*Exercise instructions*. Among the lines of data below, reproduce only those from the one with "A Perfect Fitter" through the one with "To keep the", exactly as they stand, both ends included.

START Extracted material

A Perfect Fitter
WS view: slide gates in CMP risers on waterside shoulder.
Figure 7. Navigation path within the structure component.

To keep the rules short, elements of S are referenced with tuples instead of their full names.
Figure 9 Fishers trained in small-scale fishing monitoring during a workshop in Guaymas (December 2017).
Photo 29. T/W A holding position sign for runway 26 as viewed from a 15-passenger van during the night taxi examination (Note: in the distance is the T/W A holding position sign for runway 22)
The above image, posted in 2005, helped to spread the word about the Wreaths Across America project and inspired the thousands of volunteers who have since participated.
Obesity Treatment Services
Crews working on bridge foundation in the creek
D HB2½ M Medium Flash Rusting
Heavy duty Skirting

END Extracted material
START Extracted material

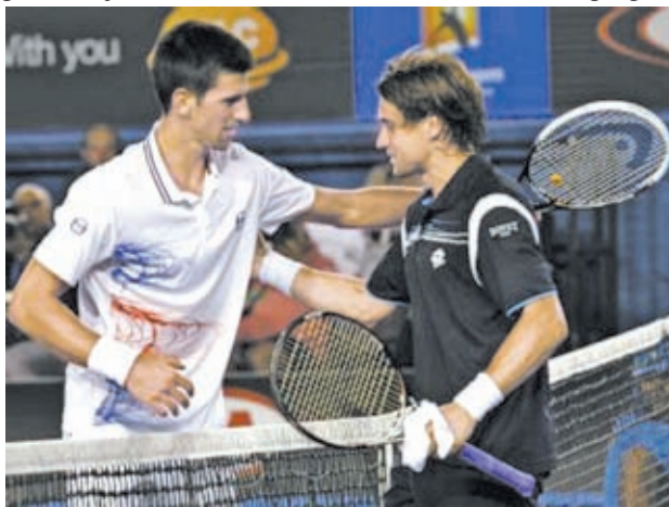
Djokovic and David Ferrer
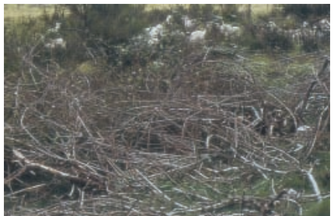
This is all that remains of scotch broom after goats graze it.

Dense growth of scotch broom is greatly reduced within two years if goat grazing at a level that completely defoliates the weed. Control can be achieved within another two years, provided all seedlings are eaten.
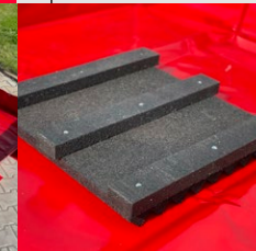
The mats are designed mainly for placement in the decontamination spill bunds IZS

END Extracted material
START Extracted material

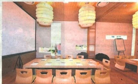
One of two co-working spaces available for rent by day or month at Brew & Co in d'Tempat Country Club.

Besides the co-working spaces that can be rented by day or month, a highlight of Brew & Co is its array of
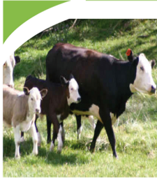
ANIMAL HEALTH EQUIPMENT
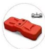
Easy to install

END Extracted material

*Written response*.
A Perfect Fitter
WS view: slide gates in CMP risers on waterside shoulder.
Figure 7. Navigation path within the structure component.

To keep the rules short, elements of S are referenced with tuples instead of their full names.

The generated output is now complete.